What you need to do
For the material below, the expected output is exactly the lines between the line holding "Alrededor de 20" and the line holding "在国际青年水论坛上,青年们探", inclusive, with pictures left out.

Given records
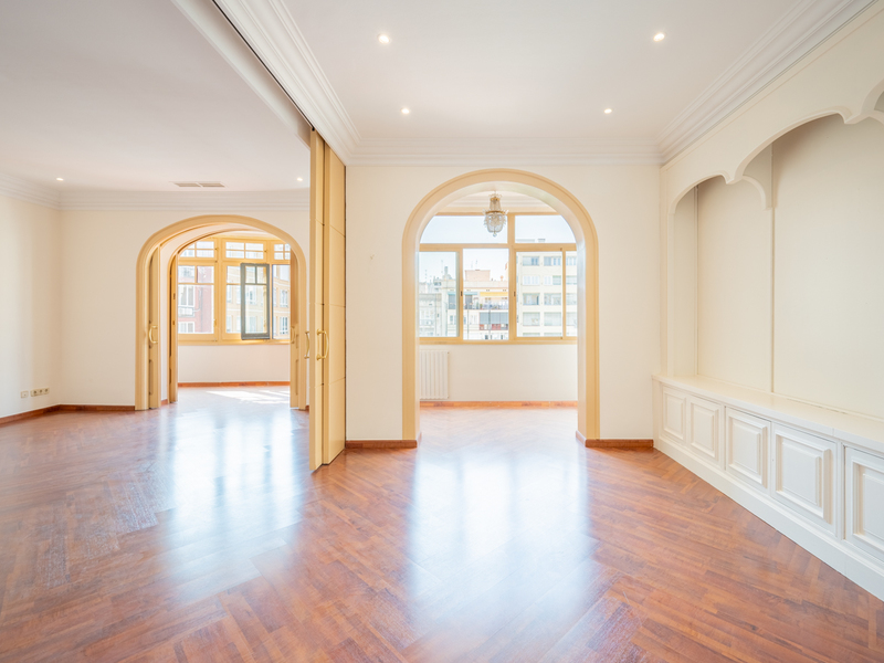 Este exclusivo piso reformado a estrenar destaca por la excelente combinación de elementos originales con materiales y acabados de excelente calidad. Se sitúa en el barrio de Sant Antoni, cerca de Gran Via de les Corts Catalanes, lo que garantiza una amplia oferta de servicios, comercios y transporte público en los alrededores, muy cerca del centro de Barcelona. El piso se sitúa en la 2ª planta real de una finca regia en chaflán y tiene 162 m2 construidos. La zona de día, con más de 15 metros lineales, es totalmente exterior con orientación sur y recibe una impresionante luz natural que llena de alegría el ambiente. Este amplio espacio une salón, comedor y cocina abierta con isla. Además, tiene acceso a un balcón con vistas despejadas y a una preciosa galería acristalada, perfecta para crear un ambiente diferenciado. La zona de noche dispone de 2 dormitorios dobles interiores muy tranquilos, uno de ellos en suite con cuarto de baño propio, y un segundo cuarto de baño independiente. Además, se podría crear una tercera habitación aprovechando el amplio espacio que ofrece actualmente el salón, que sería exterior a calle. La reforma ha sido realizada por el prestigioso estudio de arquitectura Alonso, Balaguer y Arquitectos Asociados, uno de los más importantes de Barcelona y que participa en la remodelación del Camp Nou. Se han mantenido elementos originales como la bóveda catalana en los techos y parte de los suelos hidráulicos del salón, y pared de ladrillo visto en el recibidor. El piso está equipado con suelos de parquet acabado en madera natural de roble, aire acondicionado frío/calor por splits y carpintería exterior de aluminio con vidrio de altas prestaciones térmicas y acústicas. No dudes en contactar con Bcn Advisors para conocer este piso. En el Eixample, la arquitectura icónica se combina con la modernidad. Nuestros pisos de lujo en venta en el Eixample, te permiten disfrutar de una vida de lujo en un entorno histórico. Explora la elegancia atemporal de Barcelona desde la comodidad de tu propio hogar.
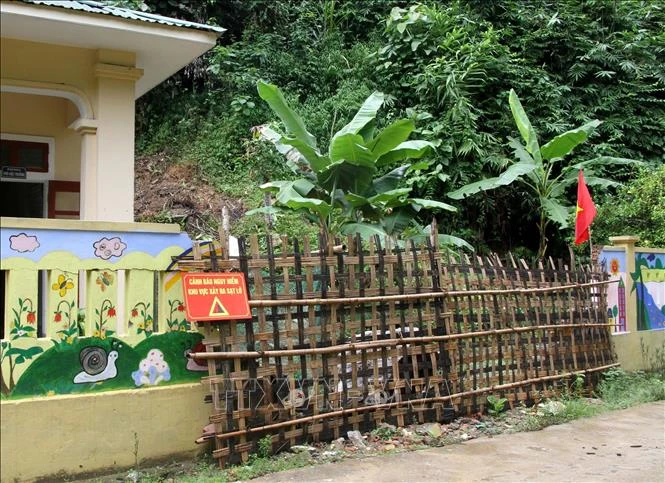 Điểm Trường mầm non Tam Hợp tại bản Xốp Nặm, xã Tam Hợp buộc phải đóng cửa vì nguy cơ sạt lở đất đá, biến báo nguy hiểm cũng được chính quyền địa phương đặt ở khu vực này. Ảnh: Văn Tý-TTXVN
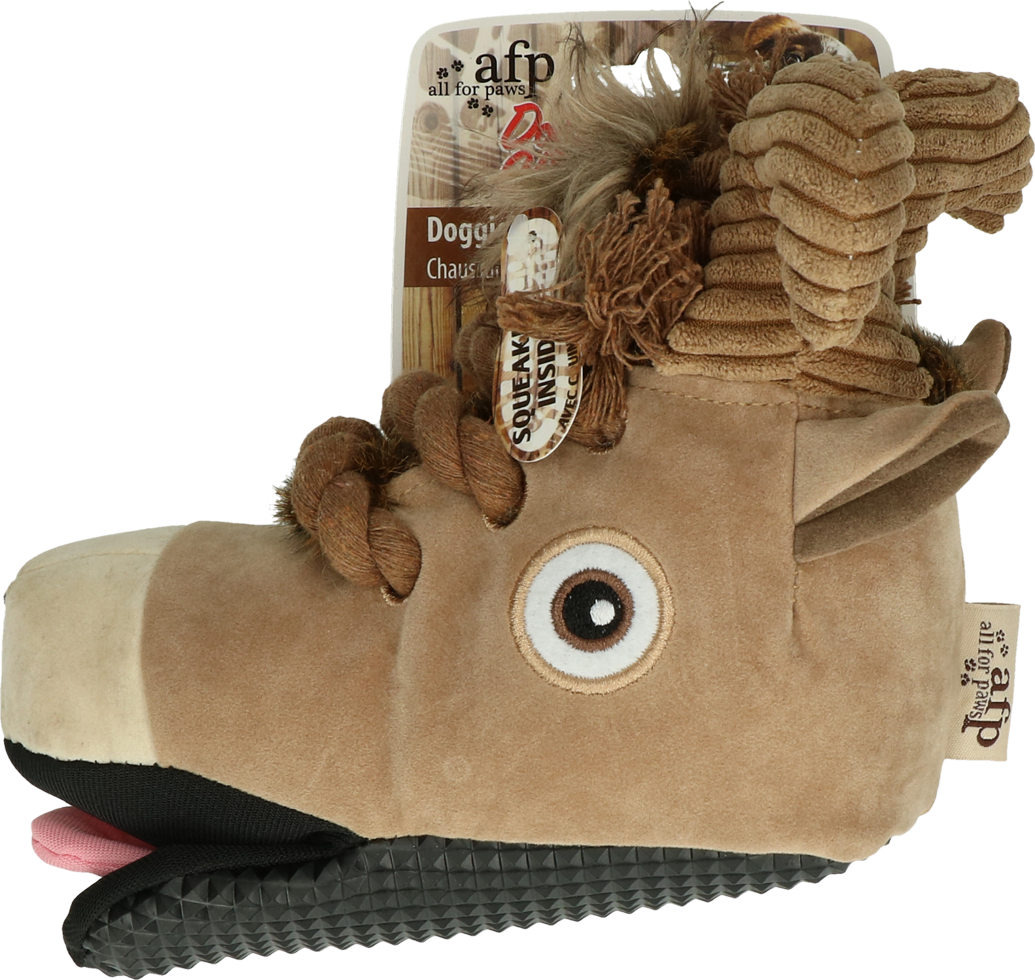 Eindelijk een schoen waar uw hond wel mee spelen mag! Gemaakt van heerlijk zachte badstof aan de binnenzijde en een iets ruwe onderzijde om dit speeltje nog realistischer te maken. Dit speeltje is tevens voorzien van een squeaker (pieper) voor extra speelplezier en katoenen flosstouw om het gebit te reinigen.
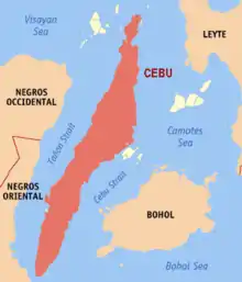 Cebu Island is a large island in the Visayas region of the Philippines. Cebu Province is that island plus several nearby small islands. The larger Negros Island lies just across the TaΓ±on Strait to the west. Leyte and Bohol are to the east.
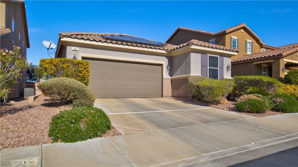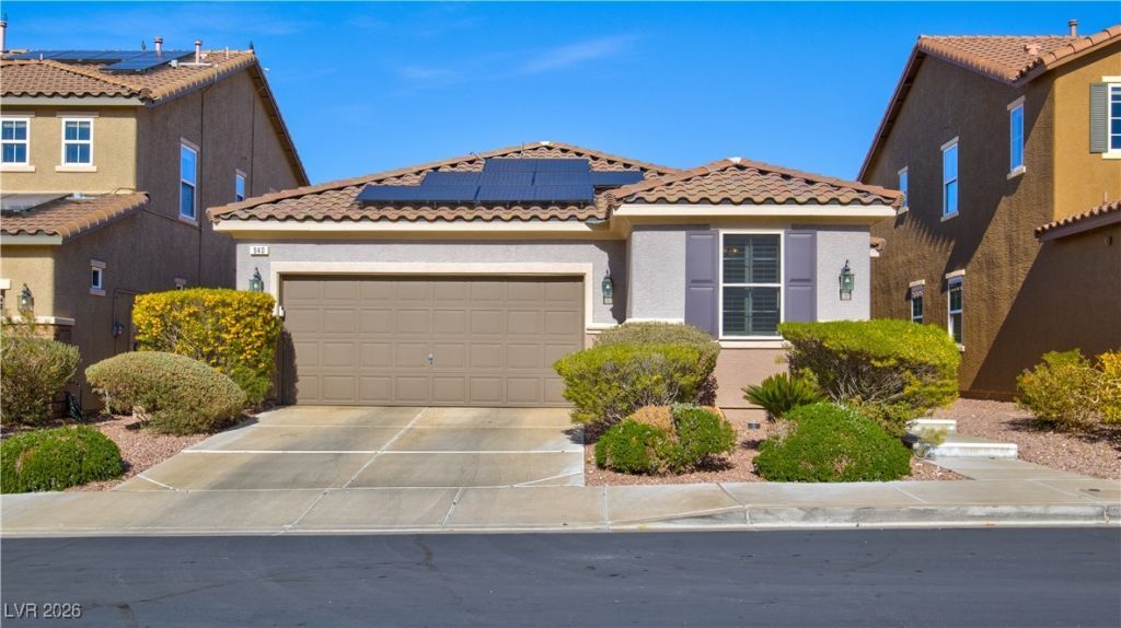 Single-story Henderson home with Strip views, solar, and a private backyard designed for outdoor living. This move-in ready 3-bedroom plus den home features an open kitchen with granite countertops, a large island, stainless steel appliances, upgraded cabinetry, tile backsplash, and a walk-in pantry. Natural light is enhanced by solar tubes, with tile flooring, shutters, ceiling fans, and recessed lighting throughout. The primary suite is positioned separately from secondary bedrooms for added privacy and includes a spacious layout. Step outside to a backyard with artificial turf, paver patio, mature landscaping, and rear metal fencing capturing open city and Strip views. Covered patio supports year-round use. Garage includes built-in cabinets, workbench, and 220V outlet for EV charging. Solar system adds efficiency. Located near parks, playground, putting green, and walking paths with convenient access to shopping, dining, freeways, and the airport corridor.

==

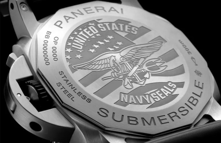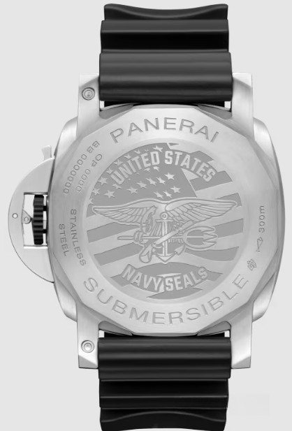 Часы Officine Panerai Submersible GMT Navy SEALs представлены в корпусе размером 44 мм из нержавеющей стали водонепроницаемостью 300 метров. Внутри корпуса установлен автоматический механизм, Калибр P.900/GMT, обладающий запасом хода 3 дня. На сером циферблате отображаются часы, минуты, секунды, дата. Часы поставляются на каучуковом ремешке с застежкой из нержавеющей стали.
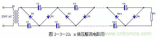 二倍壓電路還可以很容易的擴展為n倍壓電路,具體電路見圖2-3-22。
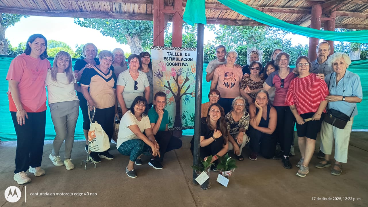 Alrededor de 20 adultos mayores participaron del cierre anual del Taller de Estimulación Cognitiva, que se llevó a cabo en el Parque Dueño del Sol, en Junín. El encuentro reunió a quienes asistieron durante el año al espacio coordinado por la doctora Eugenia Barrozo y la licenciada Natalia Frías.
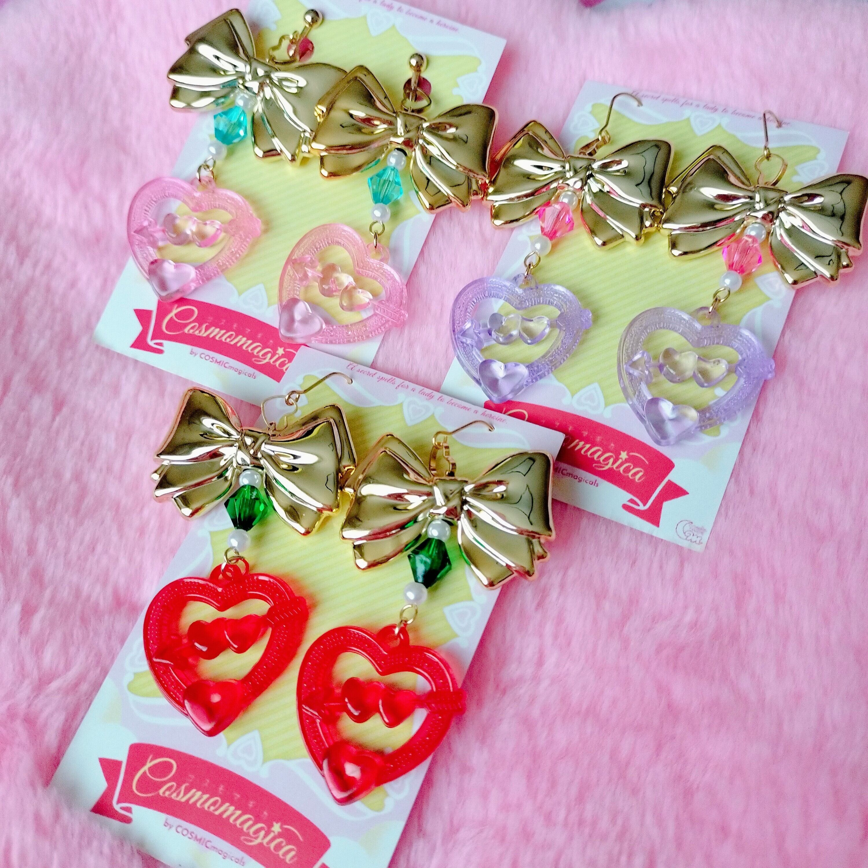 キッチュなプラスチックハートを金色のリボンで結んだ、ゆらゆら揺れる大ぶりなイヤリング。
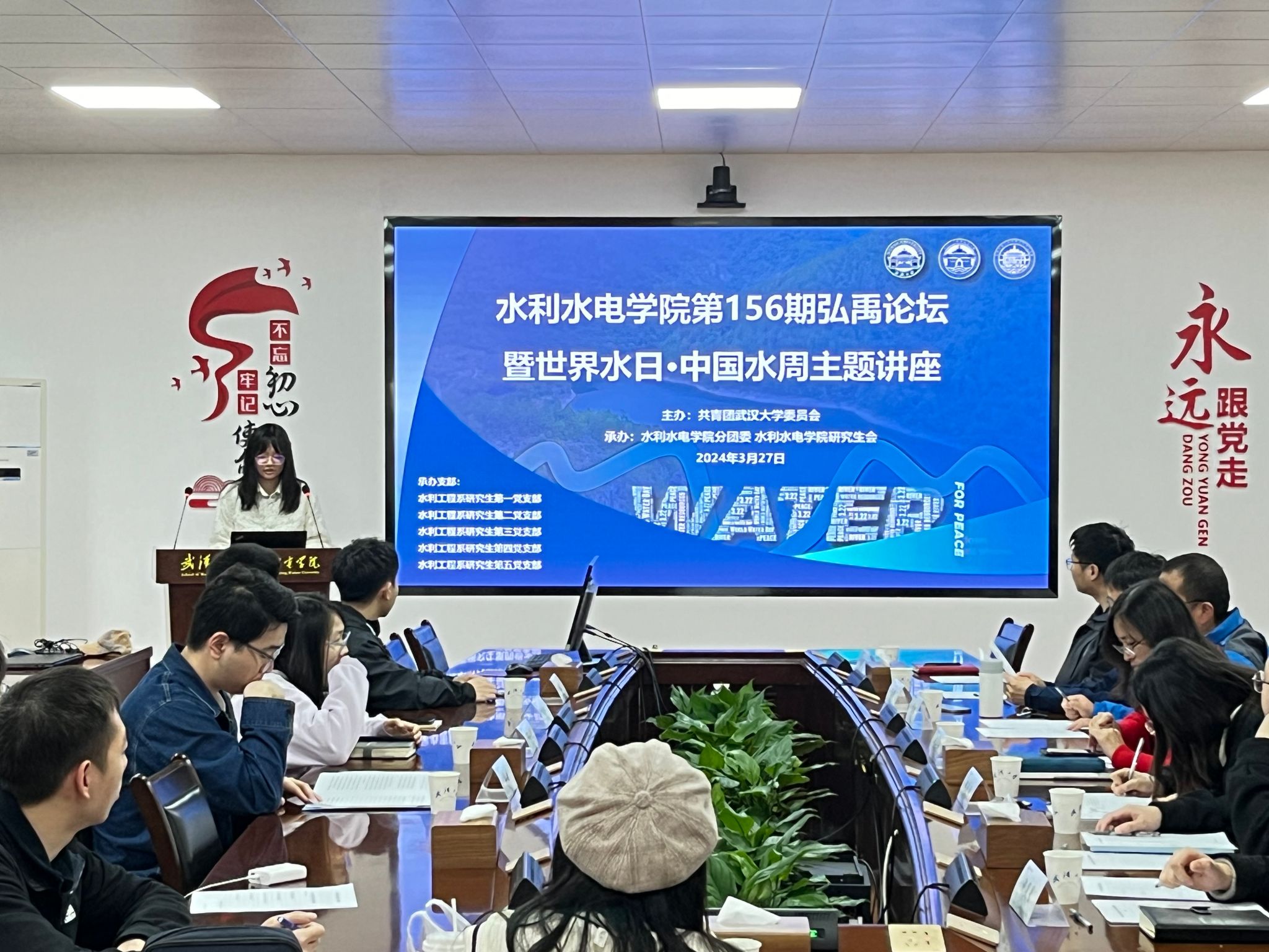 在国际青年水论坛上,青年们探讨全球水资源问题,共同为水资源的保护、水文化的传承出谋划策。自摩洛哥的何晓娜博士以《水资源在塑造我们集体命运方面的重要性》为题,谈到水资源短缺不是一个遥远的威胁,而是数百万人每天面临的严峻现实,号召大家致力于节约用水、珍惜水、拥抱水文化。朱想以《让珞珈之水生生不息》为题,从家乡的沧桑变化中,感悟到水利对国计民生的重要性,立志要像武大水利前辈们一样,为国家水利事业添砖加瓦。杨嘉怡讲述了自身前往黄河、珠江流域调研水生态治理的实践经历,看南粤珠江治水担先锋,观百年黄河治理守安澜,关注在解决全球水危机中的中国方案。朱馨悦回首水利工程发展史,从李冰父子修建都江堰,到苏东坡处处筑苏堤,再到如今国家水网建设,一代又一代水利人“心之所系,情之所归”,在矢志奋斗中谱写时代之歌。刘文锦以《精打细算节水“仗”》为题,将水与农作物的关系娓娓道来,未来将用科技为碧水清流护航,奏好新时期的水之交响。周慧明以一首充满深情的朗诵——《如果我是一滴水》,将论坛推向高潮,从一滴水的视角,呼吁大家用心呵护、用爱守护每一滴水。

==

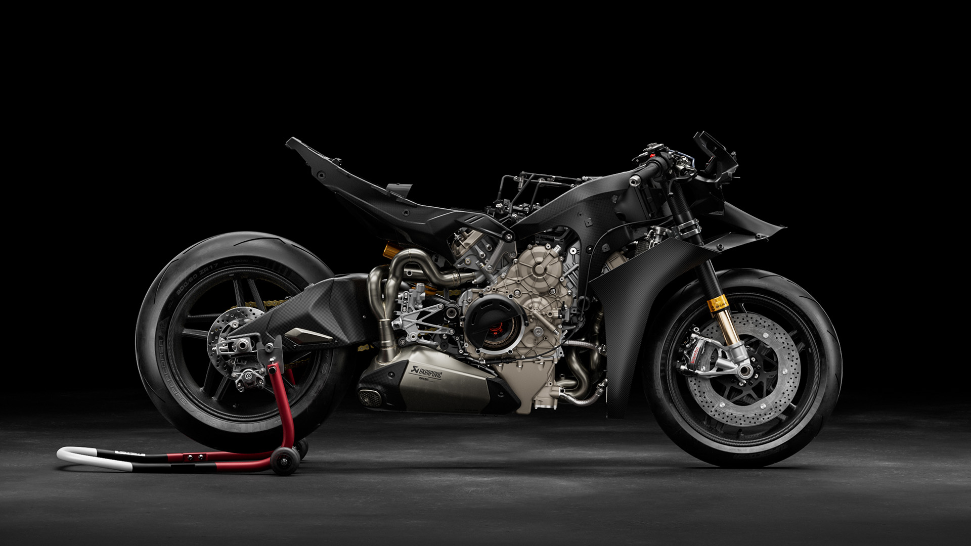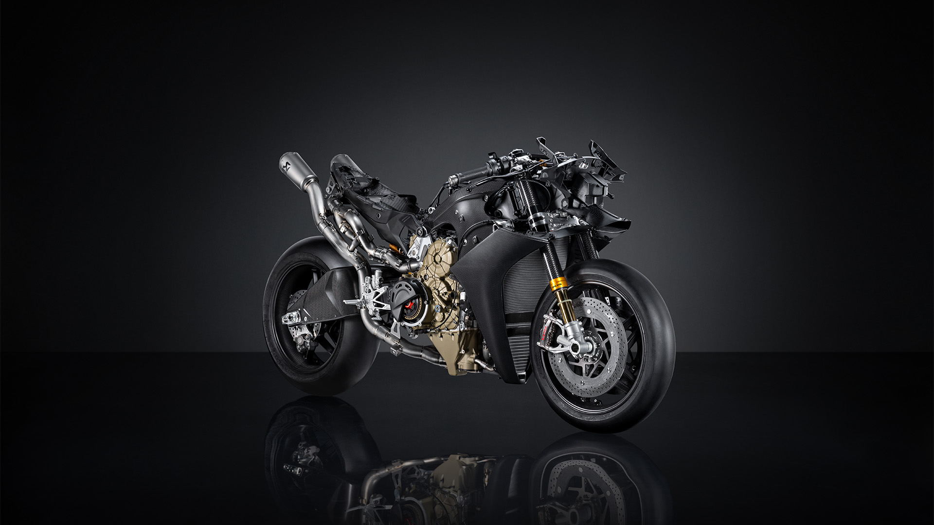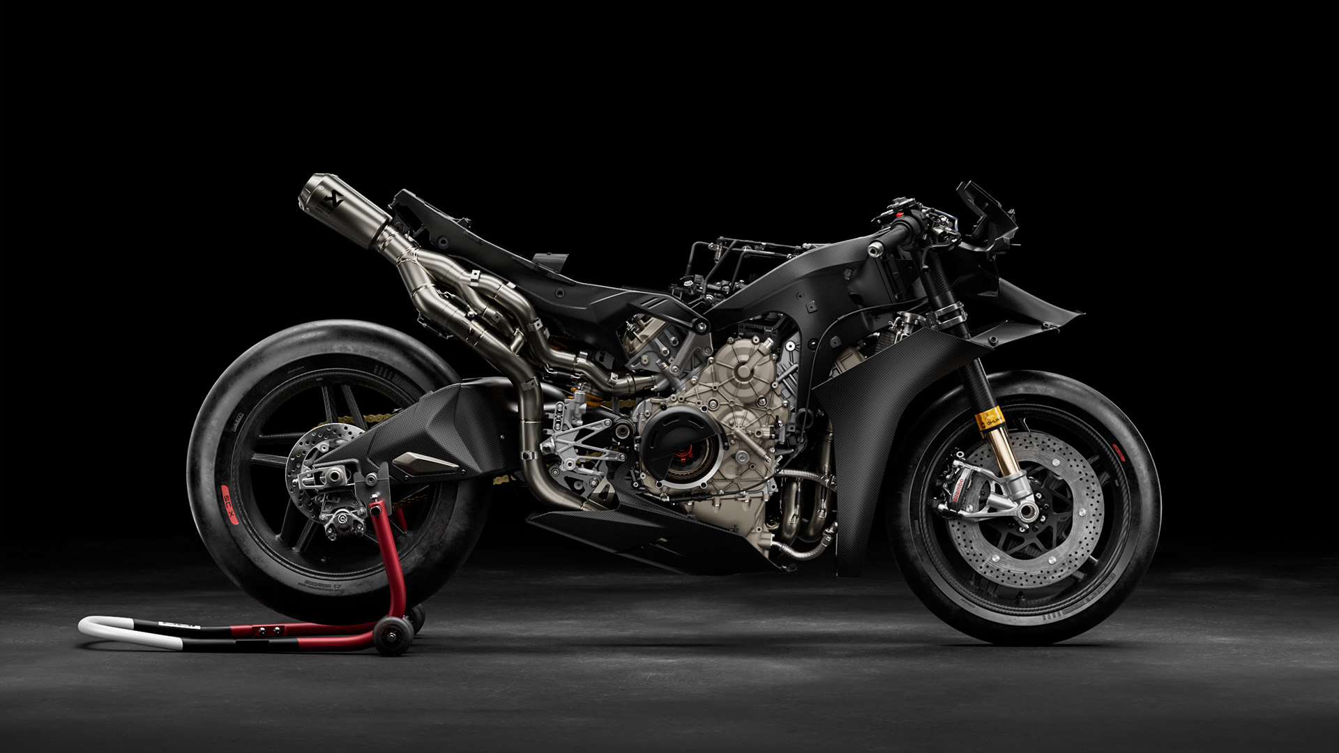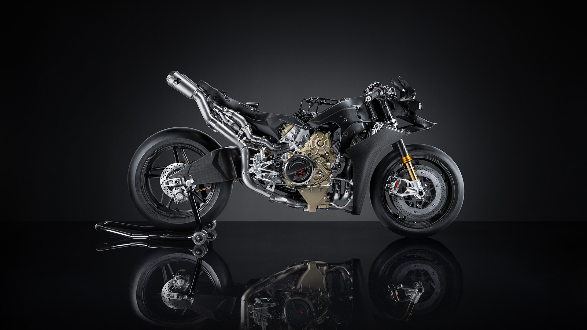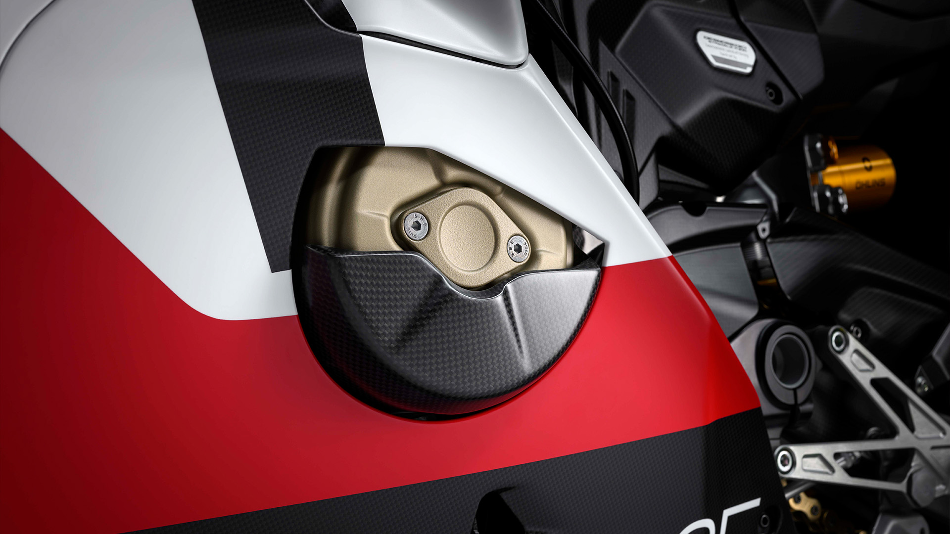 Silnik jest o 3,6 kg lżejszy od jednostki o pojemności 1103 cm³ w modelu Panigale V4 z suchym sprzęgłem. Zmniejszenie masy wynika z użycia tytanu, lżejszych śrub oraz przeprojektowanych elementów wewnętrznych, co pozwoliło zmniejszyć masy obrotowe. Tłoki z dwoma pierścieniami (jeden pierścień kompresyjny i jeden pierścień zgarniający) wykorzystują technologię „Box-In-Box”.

Answer for this exercise
 Alrededor de 20 adultos mayores participaron del cierre anual del Taller de Estimulación Cognitiva, que se llevó a cabo en el Parque Dueño del Sol, en Junín. El encuentro reunió a quienes asistieron durante el año al espacio coordinado por la doctora Eugenia Barrozo y la licenciada Natalia Frías.
 キッチュなプラスチックハートを金色のリボンで結んだ、ゆらゆら揺れる大ぶりなイヤリング。
 在国际青年水论坛上,青年们探讨全球水资源问题,共同为水资源的保护、水文化的传承出谋划策。自摩洛哥的何晓娜博士以《水资源在塑造我们集体命运方面的重要性》为题,谈到水资源短缺不是一个遥远的威胁,而是数百万人每天面临的严峻现实,号召大家致力于节约用水、珍惜水、拥抱水文化。朱想以《让珞珈之水生生不息》为题,从家乡的沧桑变化中,感悟到水利对国计民生的重要性,立志要像武大水利前辈们一样,为国家水利事业添砖加瓦。杨嘉怡讲述了自身前往黄河、珠江流域调研水生态治理的实践经历,看南粤珠江治水担先锋,观百年黄河治理守安澜,关注在解决全球水危机中的中国方案。朱馨悦回首水利工程发展史,从李冰父子修建都江堰,到苏东坡处处筑苏堤,再到如今国家水网建设,一代又一代水利人“心之所系,情之所归”,在矢志奋斗中谱写时代之歌。刘文锦以《精打细算节水“仗”》为题,将水与农作物的关系娓娓道来,未来将用科技为碧水清流护航,奏好新时期的水之交响。周慧明以一首充满深情的朗诵——《如果我是一滴水》,将论坛推向高潮,从一滴水的视角,呼吁大家用心呵护、用爱守护每一滴水。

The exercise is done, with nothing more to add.